▸ **WORK ORDER**
Transcribe the lines below exactly. No image belongs in the transcription.

▸ **DATA BLOCK**

>>>

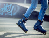 Chłopiec uczy się jeździć na łyżwach Banner, Long Format
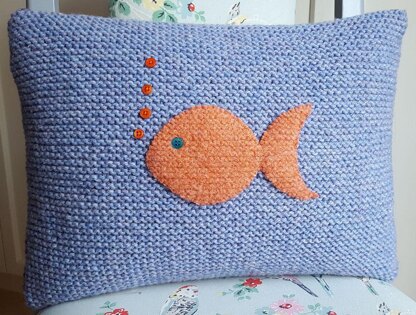 This Garter Stitch Cushion and the felted fish applique featured on the front were both knitted using Aran weight yarn. I used New Lanark Aran which is 100% wool and can be felted. The applique on front is a knitted square, which is felted in a washing machine. Once felted, the little fish shape is easily cut out with a pair of sharp scissors and sewn onto the front of the cushion.
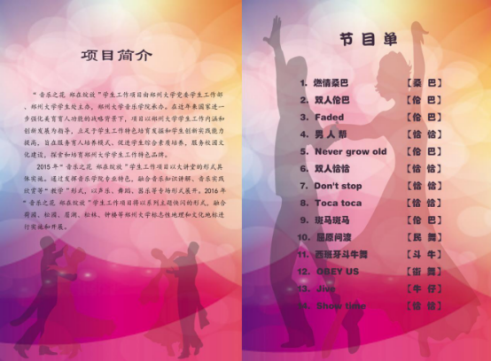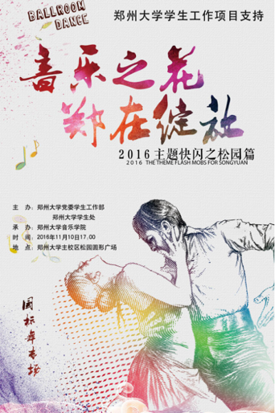 2016年“音乐之花 郑在绽放”学生工作项目将以系列主题快闪的形式,融合荷园、松园眉湖、松林、钟楼等郑州大学标志性地理和文化地标进行实施和开展。本次项目演出将在主校区松园的圆形广场进行一场国标舞的专场演出。

<<<

▸ **ANSWER TO THIS PROBLEM**
 Chłopiec uczy się jeździć na łyżwach Banner, Long Format
 This Garter Stitch Cushion and the felted fish applique featured on the front were both knitted using Aran weight yarn. I used New Lanark Aran which is 100% wool and can be felted. The applique on front is a knitted square, which is felted in a washing machine. Once felted, the little fish shape is easily cut out with a pair of sharp scissors and sewn onto the front of the cushion.
 2016年“音乐之花 郑在绽放”学生工作项目将以系列主题快闪的形式,融合荷园、松园眉湖、松林、钟楼等郑州大学标志性地理和文化地标进行实施和开展。本次项目演出将在主校区松园的圆形广场进行一场国标舞的专场演出。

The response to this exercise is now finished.